O terceiro trimestre foi dedicado aos municípios do Ambriz e Dembos. Quarenta jovens, 24 mulheres e 16 homens, foram capacitados no município pesqueiro nos dias 30 e 31 de Maio. Os munícipes não têm um órgão local para expressar publicamente as suas opiniões sobre o estado da circunscrição. Nos Dembos o cenário é o mesmo. Realizada nos dias 27 e 28 de Junho, a formação beneficiou 40 jovens (18 mulheres e 22 homens). Fruto desta capacitação, foi criado o projecto comunitário online “TV Dembos”, constituído por beneficiários da capacitação».

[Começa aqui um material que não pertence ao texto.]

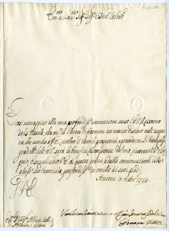 Lettera di Giovanni Mattei al cardinale Annibale Albani (1727 dicembre 10)
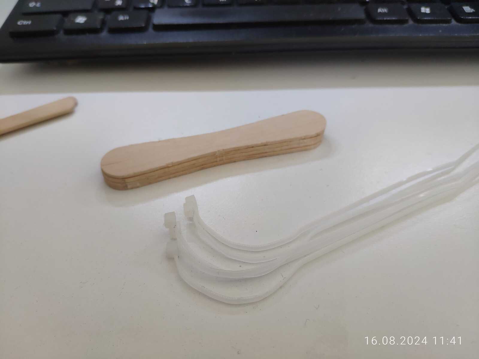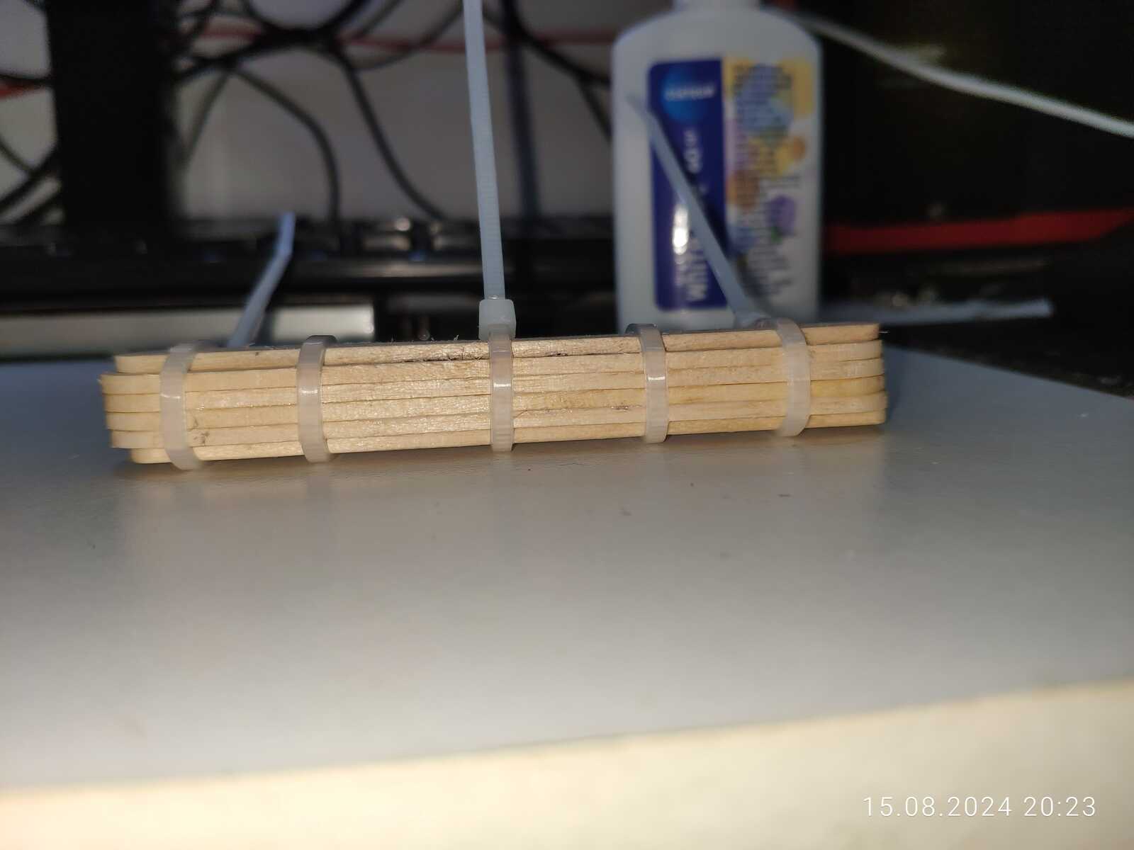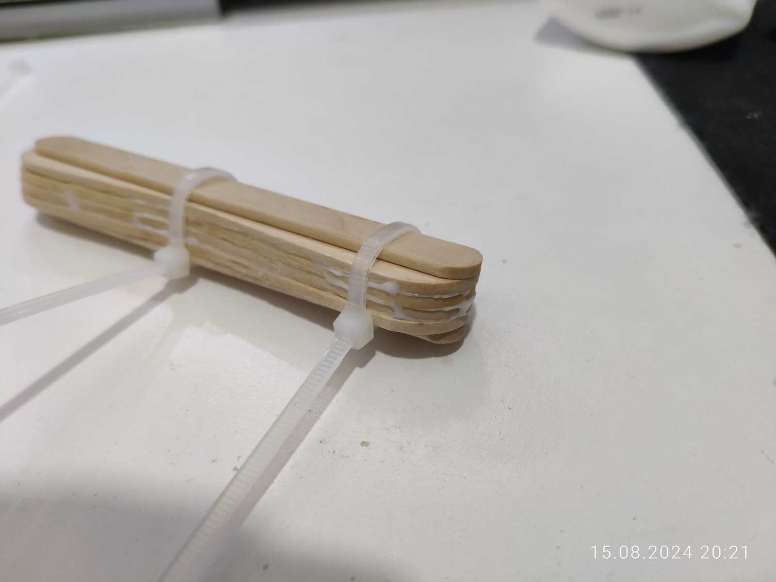 Эх, вот незадача, снова расслоились палочки от мороженого по среднему шву, не беда, склеиваю ещё раз:
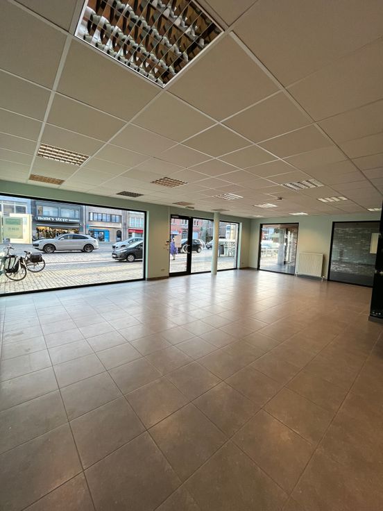 Uiterst commercieel gelegen handelsruimte van 132m2 met veel mogelijkheden: kantoor/showroom/bloemenwinkel/ kapsalon/ interieur- of decoratiewinkel.
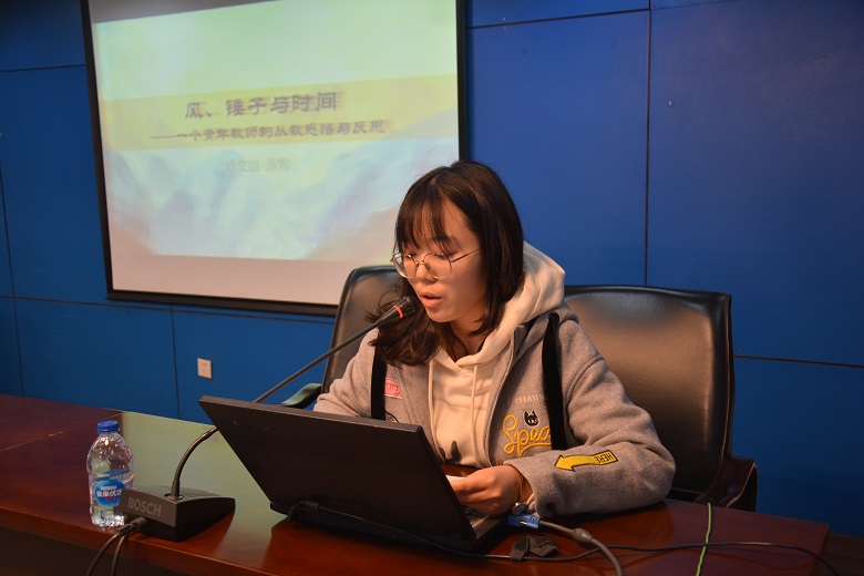 原雪老师以《风、锤子与时间——一个青年教师的从教感悟与反思》为题,围绕“教师应该如何应对时代之风”“教师应该如何打破认知框架”以及“教师应该如何在把握时间中获取自我认同”三个话题展开发言,并用生动的案例和精恰的名言佐证自己的思考,给在场的青年教师留下了深刻的印象。
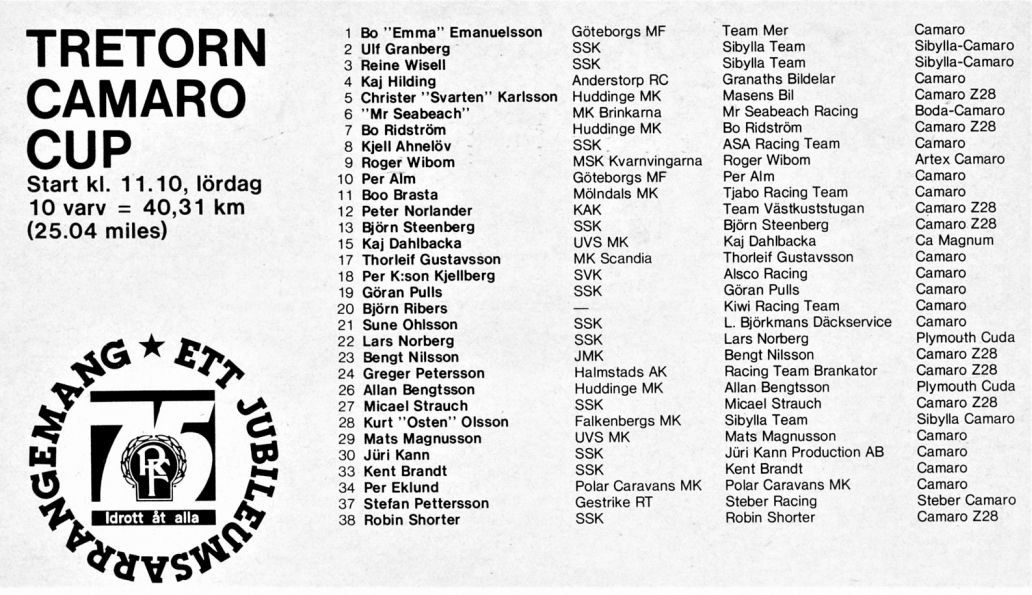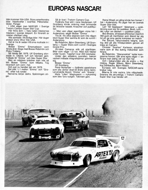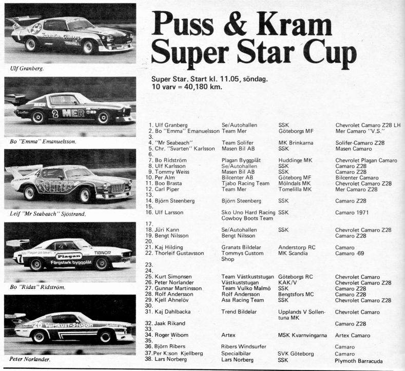 In the programmes for the 1977 and '78 Swedish Grand Prix meetings there are details of a series for Camaros.
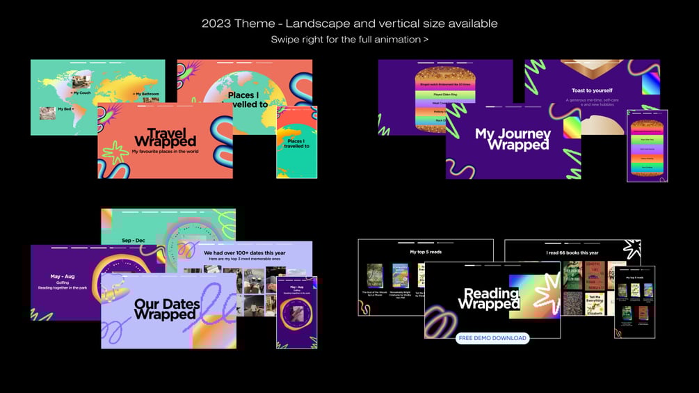 Give your friends, family or colleagues the ultimate wrap of your year with these YouTube video templates inspired by Spotify Wrapped 🎶 These themes are based on Spotify Wrapped from 2022 to 2025.

Por fim, o último trimestre culminou com a realização de formações nos municípios da Quiçama e Cacuaco, sendo a formação realizada na vila da Muxima nos dias 20 e 21 de Setembro, onde participaram 38 jovens, nomeadamente 15 mulheres e 23 homens. O município dispõe de projecto comunitário denominado “TV Quiçama”, plataforma online que tem servido de veículo de informação sobre os assuntos da comunidade. Em Cacuaco a formação realizou-se no último fim-de-semana, dias 27 e 28. Foram 28 formados, 16 mulheres e 12 homens.

Nestas localidades, refere a Uyele, «O Projecto Mão Cidadã» foi a parceira local para organização. Este município conta ainda com a plataforma online “Factos Diários” que reporta os assuntos locais, o que tem permitido aos munícipes algum espaço de manifestação comunitária sem dependência dos órgãos de âmbito nacionais, como é o caso da rádio Cacuaco, controlada igualmente pela emissora central RNA.

O relatório da Uyele atesta que «após um ano de trabalho nestes 8 municípios, e formados 288 jovens, a conclusão a que chegamos é de que o exercício da liberdade de expressão está gravemente limitado por inexistência de órgãos de comunicação social comunitários».

O MISA (Instituto de Comunicação Social da Africa Austral) usa o termo “community broadcasting / community media” para se referir a uma forma de media operada na comunidade, para a comunidade, sobre a comunidade (“operated in the community, for the community, about the community and by the community”).

Características essenciais segundo o MISA

  1. Independência — isto é, livre de interferência política ou comercial.
  2. Pluralismo / diversidade de vozes — a media comunitária dá espaço a vozes que normalmente são excluídas nos media comerciais ou estatais, especialmente comunidades rurais, minorias, etc.
  3. Função de fórum público e de debate local — permite que as comunidades discutam assuntos que lhes dizem respeito, prestem contas aos líderes locais, etc.
  4. Acessibilidade / proximidade — tanto em termos de localização (meios comunitários muitas vezes têm cobertura local) como em termos de linguagem, pertinência do conteúdo para o público local. (Embora isso seja mais implícito nas práticas do que explicitamente definido, MISA reconhece que a comunidade precisa dessas plataformas locais, especialmente comunidades afastadas ou marginalizadas).

O MISA também advoga por um sistema de radiodifusão “três níveis” (three-tier system) — compreendendo radiodifusão pública, comercial e comunitária — para assegurar diversidade e evitar que o Estado ou interesses privados dominem o espaço mediático.

No caso angolano “Radiodifusão comunitária é um serviço de radiodifusão sonora sem fins lucrativos, que atende às necessidades da comunidade, contribui para o seu desenvolvimento socioeconómico, promove a cultura da paz e a democratização, e é gerido com participação da comunidade.” — Lei n.º 16/22, 6 de julho, que altera a Lei n.º 4/17, art. 2.º (definições) e Capítulo IV-A.

A lei define “baixa potência” (até 25 watts ERP), “cobertura restrita” (comunidade local, bairro, vila) e estipula que o “âmbito comunitário” se refere a transmissões que abrangem apenas uma circunscrição administrativa municipal ou bairros.

Ainda assim nuitos jornalistas e organizações da sociedade civil estimam que face ao contexto regional, tanto a arquitectura jurídico-legal quanto obstáculo político, materiais ou financeiros, bloqueiam a emergência do jornalismo comunitário em Angola.